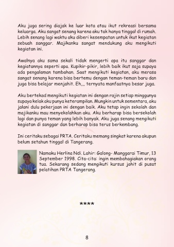 tua. Sekarang sedang mengikuti kursus jahit di pusat
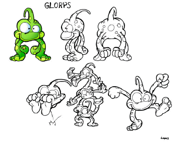 The television viewers can “see” the Glorps, but the Land of I dwellers only catch fragments of them as they jump in and out of the screen, causing problems for Jotasha and Cyclic. The Duranium Crystals are necessary to power Jotasha’s spacecraft and the Glorps manage to keep the energy crystals well hidden. They make “glorp-glorp” slurping sounds and are very sticky.
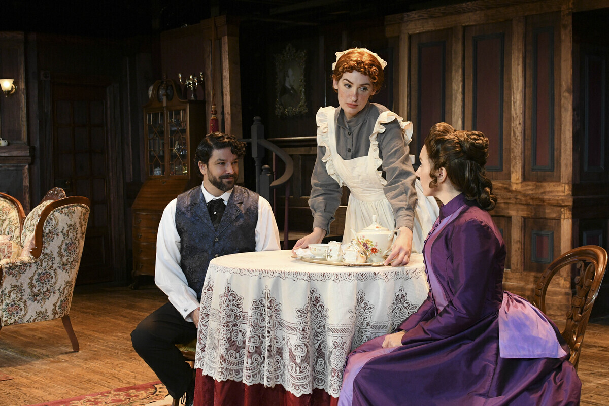 The Manninghams’ two servants appear throughout the story, having seen and overheard it all as only servants can. Katherine S. Wright shines as the impudent but impressionable young Nancy, and Debra Wagoner is outstanding as Elizabeth, whose fear is palpable in moments when she alone can keep her employer safely in the dark.
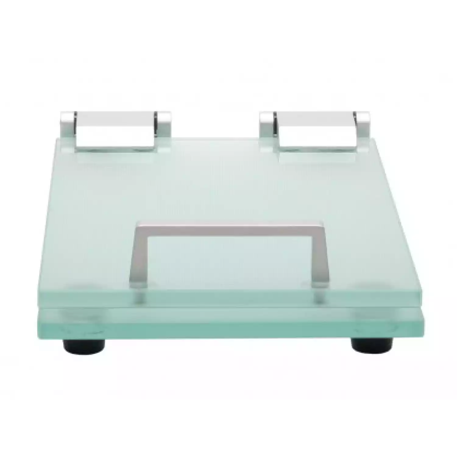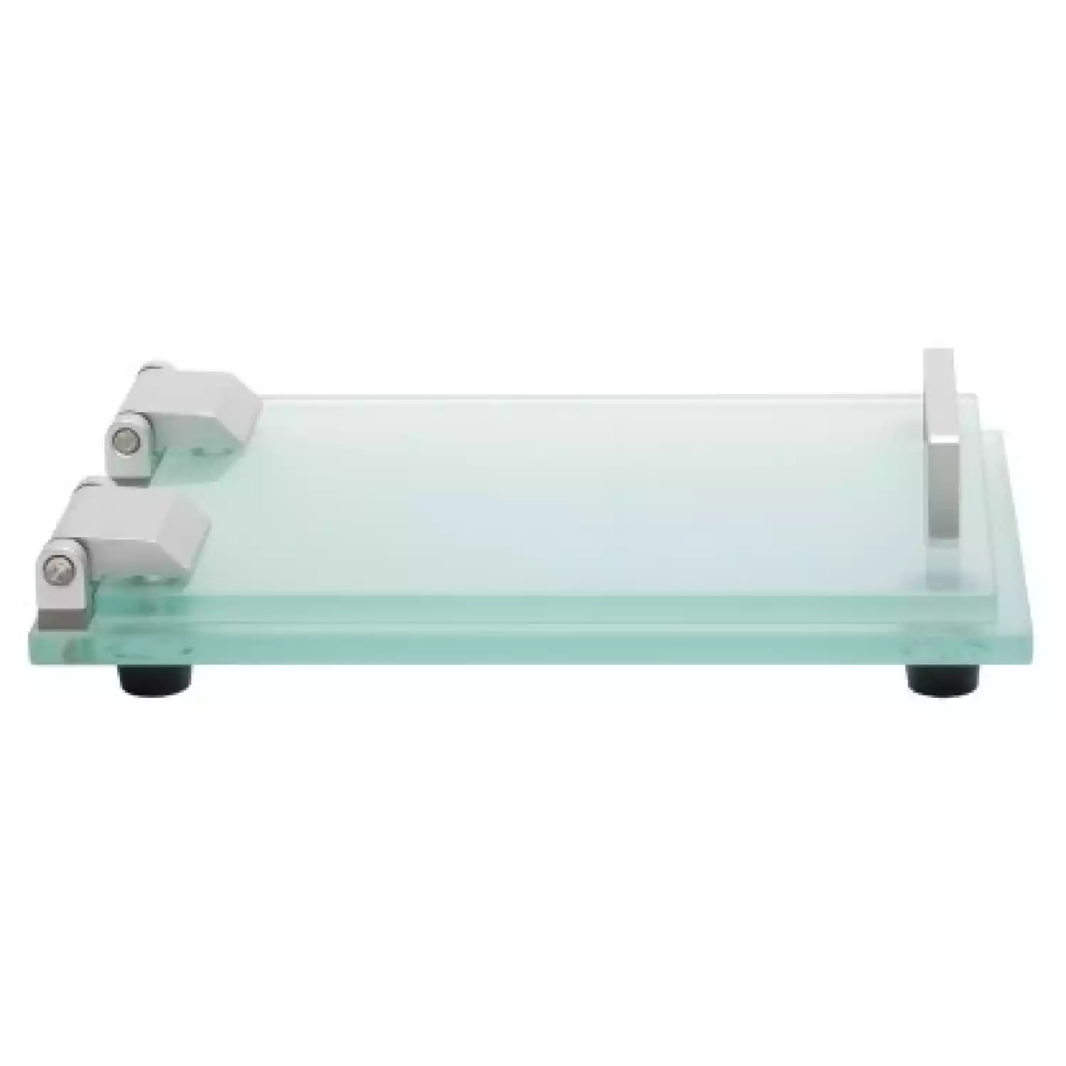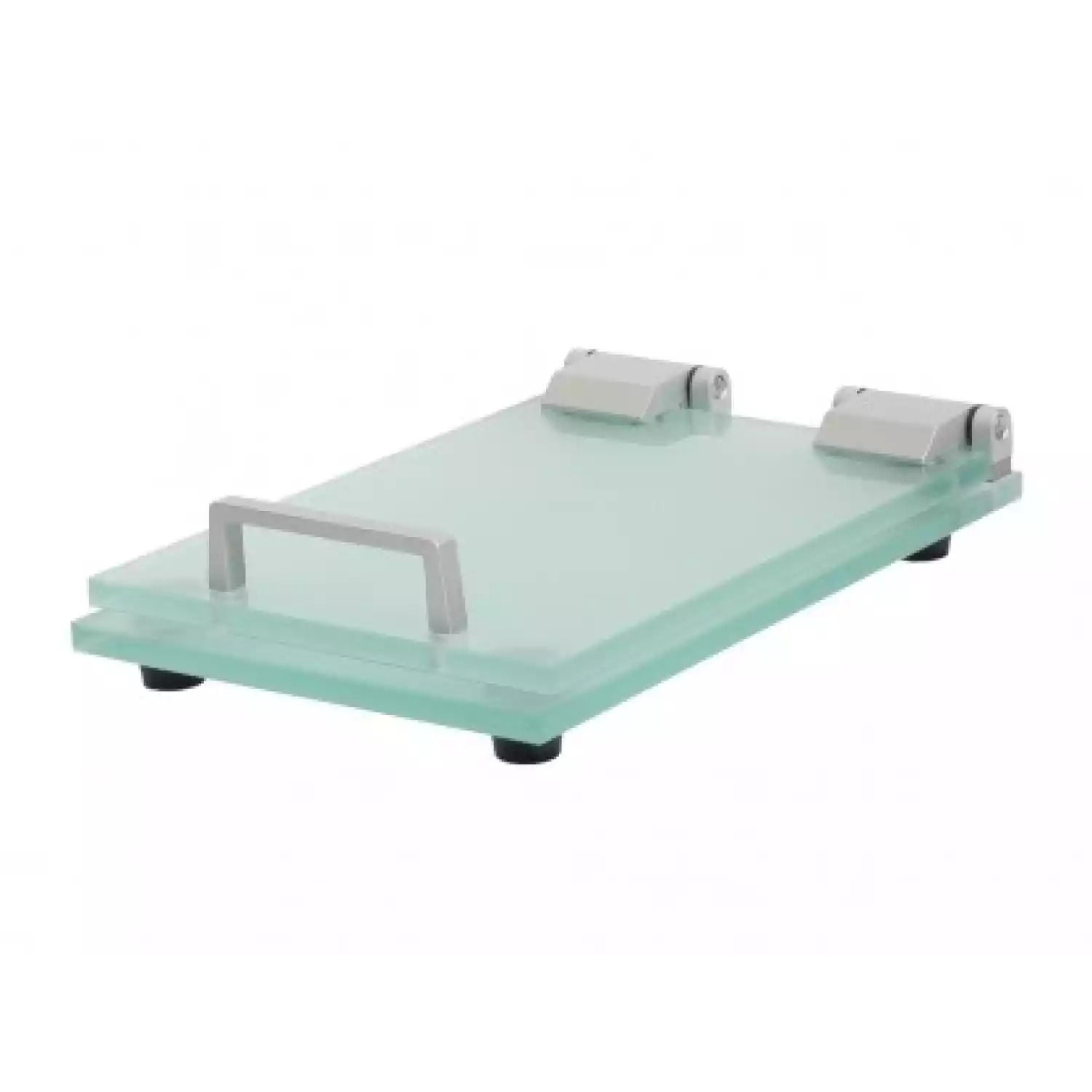 Пресс состоит из двух стеклянных пластин с шероховатой поверхностью, обеспечивает стабильный фиксированный зазор между пластинами. Имеет подставки и ручку для открывания.
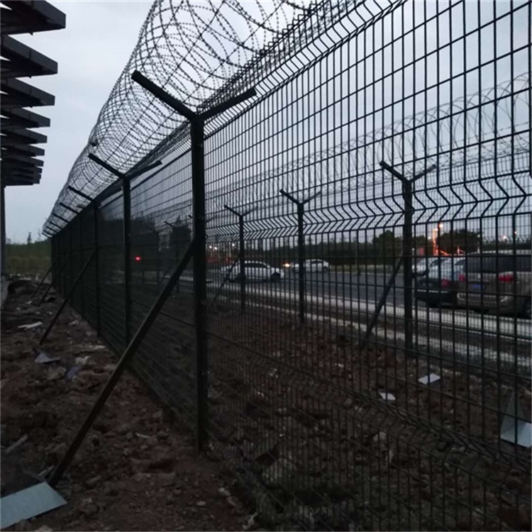 機(jī)場(chǎng)圍欄網(wǎng)的規(guī)格及用處!機(jī)場(chǎng)圍欄網(wǎng)是專門用于機(jī)場(chǎng)周圍的安全圍欄產(chǎn)品機(jī)場(chǎng)圍欄網(wǎng)是用5.0mm高強(qiáng)度低碳鋼絲焊接而成的圍欄網(wǎng)狀產(chǎn)品,篩孔尺度:,機(jī)場(chǎng)圍欄網(wǎng)也被稱為"Y型安全防御網(wǎng)",它是由V型支撐柱加強(qiáng)焊接網(wǎng),安全防盜銜接和熱浸鍍鋅刀片的鐵絲網(wǎng)組成,因而,機(jī)場(chǎng)圍欄網(wǎng)的安全防御水平很高,它廣泛用于機(jī)場(chǎng)和軍事基地等高安全性場(chǎng)所。
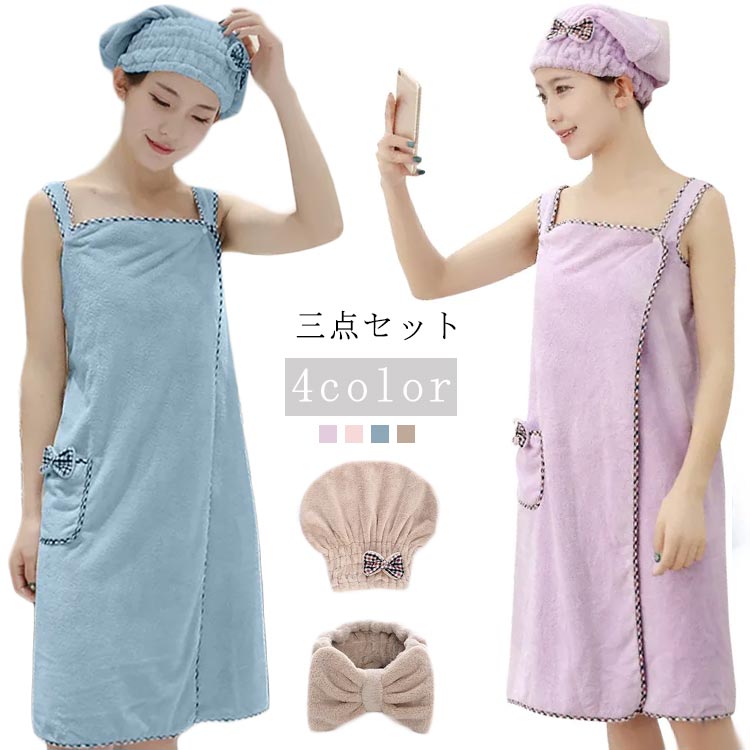 バスローブ 着る バスタオル 大判 小物 着られる バス お風呂あがり バス お風呂 シャワー ワンピ タオル ドライキャップ タオルワンピ シャワーあがり お得な3点セット
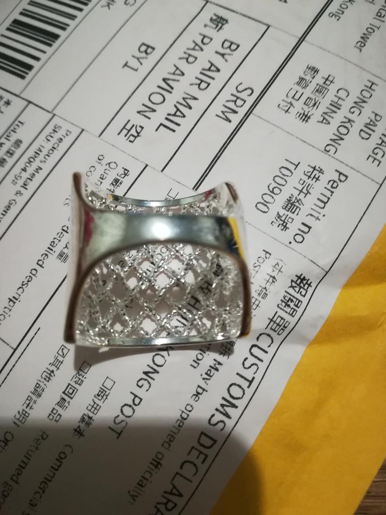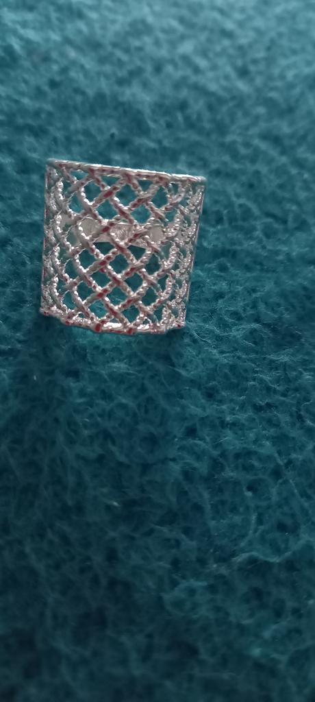 925 Sterling Silver Mesh Square Ring Charm Jewelry
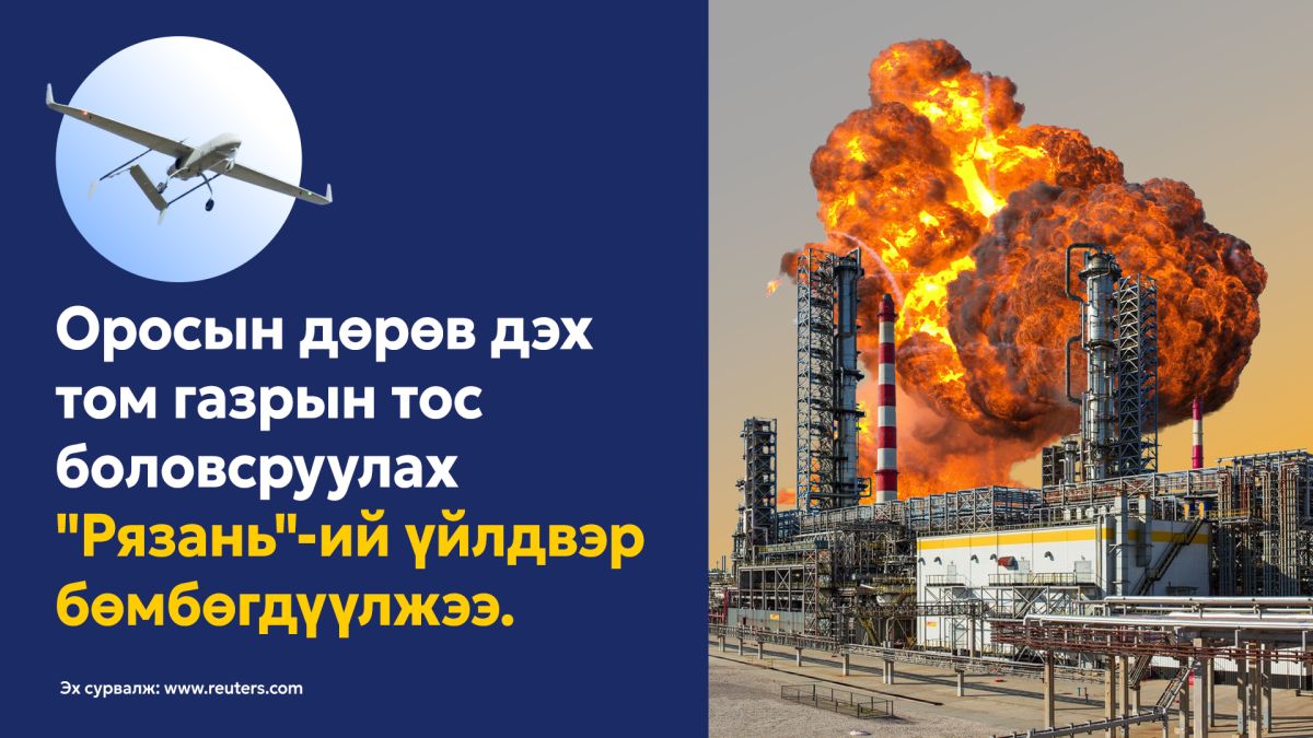 Украйн улс өнгөрсөн амралтын өдөр Москвагийн зүүн хэсэгт орших, Оросын дөрөв дэх том газрын тос боловсруулах “Рязань” үйлдвэрийг бөмбөгджээ. Үйлдвэр галд автсанаар үйл ажиллагаа нь зогссон байна. Тус үйлдвэр жилд 13 сая тонн түүхий тос боловсруулж, 2.3 сая тонн бензин, 3.4 сая тонн дизель түлш үйлдвэрлэж байжээ. Зөвхөн 2.3 сая тонн бензинийг Улаанбаатар хотын өнөөгийн хэрэглээтэй харьцуулбал 160 жил хангах өндөр дүн юм. Хэрэв манай улсын хэрэгцээгээр тооцвол 10 жил хангахуйц болно. Эндээс “Рязань” үйлдвэрийн хүчин чадал ямар өргөн цар хүрээтэй байсан нь харагдана.
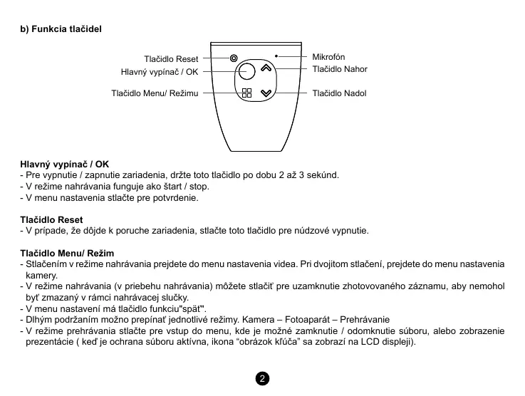 b) Funkcia tlačidel
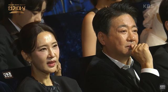 함은정 수상 소감을 듣는 오현경과 윤다훈 / KBS
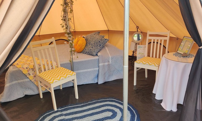 Peace of Paradise is what you'll find in 1 of our 5 quaint and cozy Glamping tents along the river, overlooking the spectacular river views! It's surreal beauty from every angle, tranquil peace and calm! A short walk takes you to the rivers edge where Bass and Pike are a delight to every fisherman! Your experience includes, but is not limited to, an open fire pit for cooking, table and chairs for eating, drinking water, dishwater, river and mountain views from your site, lamps, phone charger port, shared shower house and clean porta potties. Kayaking, paddle boarding, swimming and relaxing are a few of the charming delights just out your front door. Can't pull yourself away from the glacier blue river views, the charming old fruit trees in the lawn and the cozy campfire at night! Experiencing the western trains rumbling down the valley is a highlight to many campers. (There are no Railroad crossings or air horns near our property.) Just a short 2 miles down the road, a mineral soak awaits you at Quinn's Hot Springs Resort. You can also enjoy a cute, best in the west ice cream shop ten minutes away in the town of Wild Horse Plains, a darling old town which also hosts antique shops, grocery, hardware, hospital and so much more! The old and fascinating town of Thompson Falls and a local Bison range, are less than an hrs drive away!

--- --- ---

**Work instruction:** Exactly reproduce the lines above, starting at the one that contains "機(jī)場(chǎng)圍欄網(wǎng)的規(guī" and ending at the one that contains "함은정 수상 소감을 듣는 오현경과 윤다훈 / KBS", both inclusive; leave the pictures out and add no other lines.

**Exercise solution:**
 機(jī)場(chǎng)圍欄網(wǎng)的規(guī)格及用處!機(jī)場(chǎng)圍欄網(wǎng)是專門用于機(jī)場(chǎng)周圍的安全圍欄產(chǎn)品機(jī)場(chǎng)圍欄網(wǎng)是用5.0mm高強(qiáng)度低碳鋼絲焊接而成的圍欄網(wǎng)狀產(chǎn)品,篩孔尺度:,機(jī)場(chǎng)圍欄網(wǎng)也被稱為"Y型安全防御網(wǎng)",它是由V型支撐柱加強(qiáng)焊接網(wǎng),安全防盜銜接和熱浸鍍鋅刀片的鐵絲網(wǎng)組成,因而,機(jī)場(chǎng)圍欄網(wǎng)的安全防御水平很高,它廣泛用于機(jī)場(chǎng)和軍事基地等高安全性場(chǎng)所。
 バスローブ 着る バスタオル 大判 小物 着られる バス お風呂あがり バス お風呂 シャワー ワンピ タオル ドライキャップ タオルワンピ シャワーあがり お得な3点セット
 925 Sterling Silver Mesh Square Ring Charm Jewelry
 Украйн улс өнгөрсөн амралтын өдөр Москвагийн зүүн хэсэгт орших, Оросын дөрөв дэх том газрын тос боловсруулах “Рязань” үйлдвэрийг бөмбөгджээ. Үйлдвэр галд автсанаар үйл ажиллагаа нь зогссон байна. Тус үйлдвэр жилд 13 сая тонн түүхий тос боловсруулж, 2.3 сая тонн бензин, 3.4 сая тонн дизель түлш үйлдвэрлэж байжээ. Зөвхөн 2.3 сая тонн бензинийг Улаанбаатар хотын өнөөгийн хэрэглээтэй харьцуулбал 160 жил хангах өндөр дүн юм. Хэрэв манай улсын хэрэгцээгээр тооцвол 10 жил хангахуйц болно. Эндээс “Рязань” үйлдвэрийн хүчин чадал ямар өргөн цар хүрээтэй байсан нь харагдана.
 b) Funkcia tlačidel
 함은정 수상 소감을 듣는 오현경과 윤다훈 / KBS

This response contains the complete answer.